Defective Functioning of Metallothionein Protein (MT) and Toxic Metal Sensitivity, Pfeiffer Treatment Clinic, Dr. W. Walsh et al, www.flcv.com/ptcmt.html

 

Introduction: Defective Functioning of Metallothionein Protein (MT)

Dr. William Walsh and Dr. Anjum Usman have discovered that defective functioning of metallothionein protein (MT) is a distinctive feature of autism. This abnormality results in impaired brain development and extreme sensitivity to toxic metals and other environmental substances. This disorder is often unnoticed in infancy and early childhood until aggravated by a serious environmental insult.
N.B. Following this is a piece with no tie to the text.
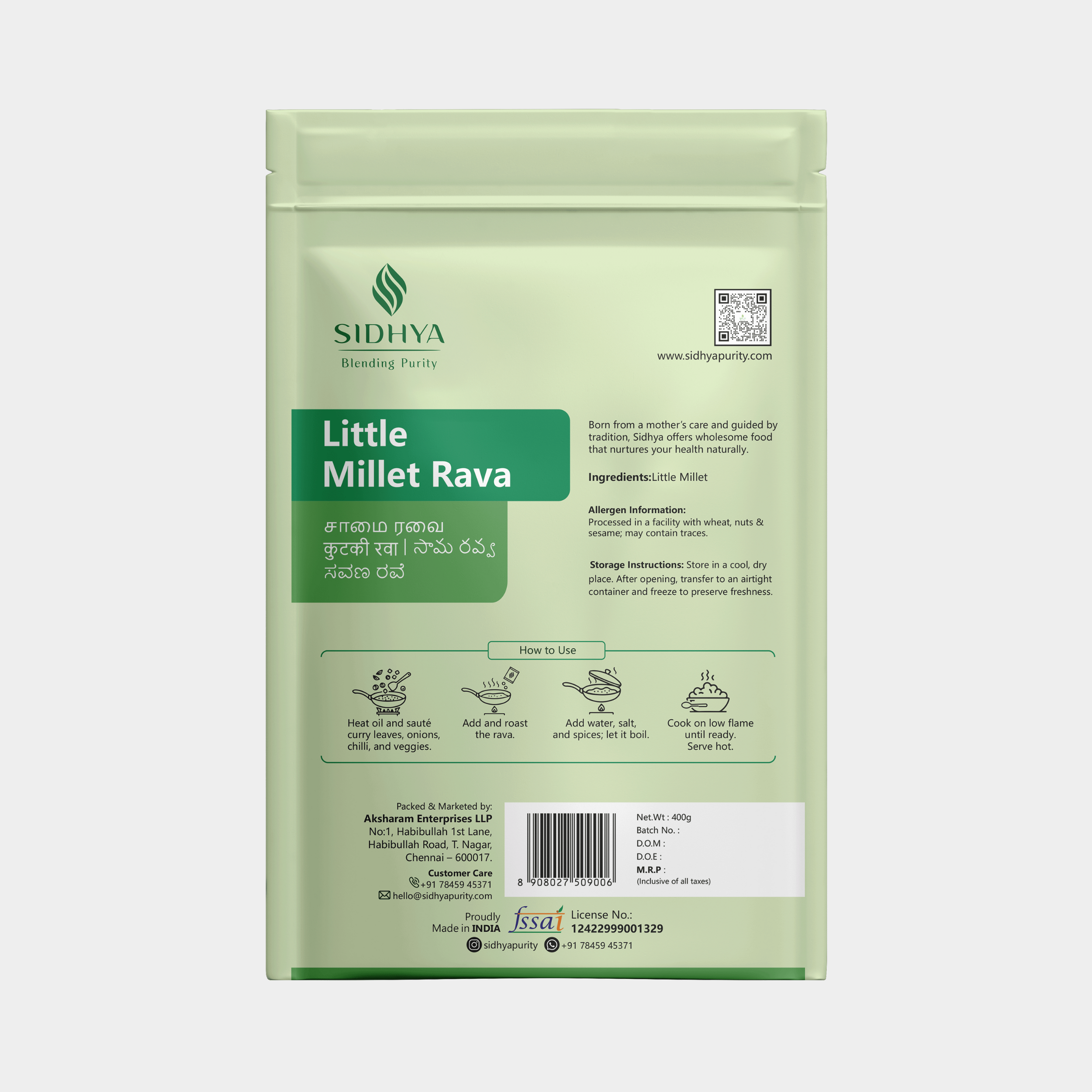 The Sidhya Way: We soak and sun-dry the millets before carefully processing them into rava. This ensures they remain unpolished, nutrient-rich, and naturally flavorful while cooking to perfection in every dish.

In a study of 503 autism-spectrum patients, the authors found abnormal levels of copper and zinc in blood (p<0.0001) indicating defective functioning of metallothionein (MT) proteins. Also, calculation of unbound copper provides a reliable indication of the degree of metallothionein function (or dysfunction). In humans, MT proteins regulate blood levels of these trace minerals, detoxify mercury and other heavy metals, and assist in neuronal development. The expected consequences of defective MT during gestation or early infancy are consistent with several classic symptoms of autism. It appears that defective functioning of MT proteins may represent the underlying cause of autism.

Consequences of MT Malfunction in a Newborn

It is very interesting to examine the consequences of MT malfunction in a newborn:

Abnormal Cu and Zn levels in blood and in hippocampus

Impaired neuronal development, especially in the first 30 months of life, which could result in incomplete maturation of the G.I. tract and brain.

Loss of MT's protective detoxification of heavy metals

MT is the primary system for managing cadmium, mercury, and other toxic metals. MT has an extraordinary affinity for these heavy metals and the resultant proteins (cadmium MT, mercury MT, etc.) effectively sequester the toxic metals and render them relatively innocuous.

Impaired immune function

Immature GI tract

Since the above factors closely resemble classic symptoms of autism, it is logical to conclude that the root cause of autism may be an error of metal-metabolism involving MT followed by victimization by a toxic metal.

The most likely explanation for the severe metal-metabolism dysfunction lies in the function of a group of proteins known as metallothioneins. Genetic errors in the genes coding for the various proteins or having the genes "turned off" by influences on the promoter regions on either side of the genes themselves would be the only two explanations for dysfunction of this group of proteins.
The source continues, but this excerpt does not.